In short, if you are a promoter who offers stage time for acts to perform for nothing at free entry comedy nights, I salute you!  You will still be handing out flyers, putting up posters, doing stuff on social media to draw people in, as well as hoping that word of mouth helps swell future audiences.

If you’re a promoter who offers stage time for acts to perform for nothing during a paid entry comedy night, then you’re thoughtlessly selfish at best, deliberately exploitative at worst.

And, while I profoundly disagree with your actions, I’ve probably applied for a slot at your gig today!

What matters most to you?

I like music. I’m not an expert in any genre but, as someone who grew up when The Beatles and Rolling Stones were pushing back the barriers that rock’n’roll had already turned over, when Bowie and Bolan were tearing new paths in popular culture, I just have to like music.

I like all sorts of music – looking at me, you may not think I’d enjoy dance music but I do (some of it) and am saddened by the early death of Avicii.
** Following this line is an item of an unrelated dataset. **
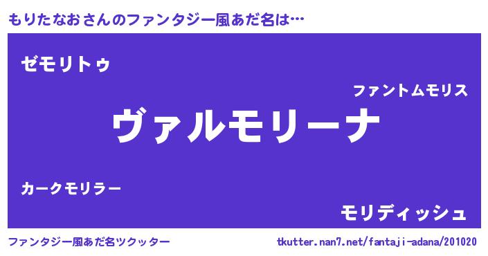 | 男性向けラノベタイトル風あだ名 | 『この素晴らしい世界にもりたなおを!』 |

At 28 years old he’d achieved a huge amount and his music has helped keep me alert many times on those late night car journeys home from comedy gigs. On his website he said “We all reach a point … where we understand what matters most to us. For me it’s creating music. That is what I live for, what I feel I was born to do”.

Anyone, of any age, who knows what makes them happy inside – what stirs them, what drives them on –  is very lucky. I spent over 40 years in an I.T. career I didn’t enjoy at the beginning and hated at the end – to the point where I’d regularly throw up before setting out to work.

Only when redundancy gave me time to investigate “what makes me happy about me” did I discover that I could make people laugh. Now in my 60’s, I’m unlikely to ‘achieve’ a great deal – I’m not going to be on TV or even making a living from performing – but nothing makes me happier than getting that first laugh when I’m gigging, or seeing lots of regular audience members return to the shows I run. I might have taken a while but I’ve found “what I feel I was born to do”. 

Make that your mission in 2018 and beyond. No-one knows how long they have on this earth, so make the most of your passion for music, comedy, art or even I.T !

What promoters want …

I gig a bit and I always try to be “professional” as well as funny – I research where I’m going, when I’m meant to be there, how long will the car journey take (and add a bit!), where to park, etc.

I also book acts for my club night and a few other gigs. And, I’ve found that there’s several acts who don’t do these things – not many but too many when you consider they are “pro comedians”. They don’t respond in a timely fashion to emails and texts, they arrive late for the gig, some don’t even know how much they’re being paid. So, when I book an act, what do I hope for?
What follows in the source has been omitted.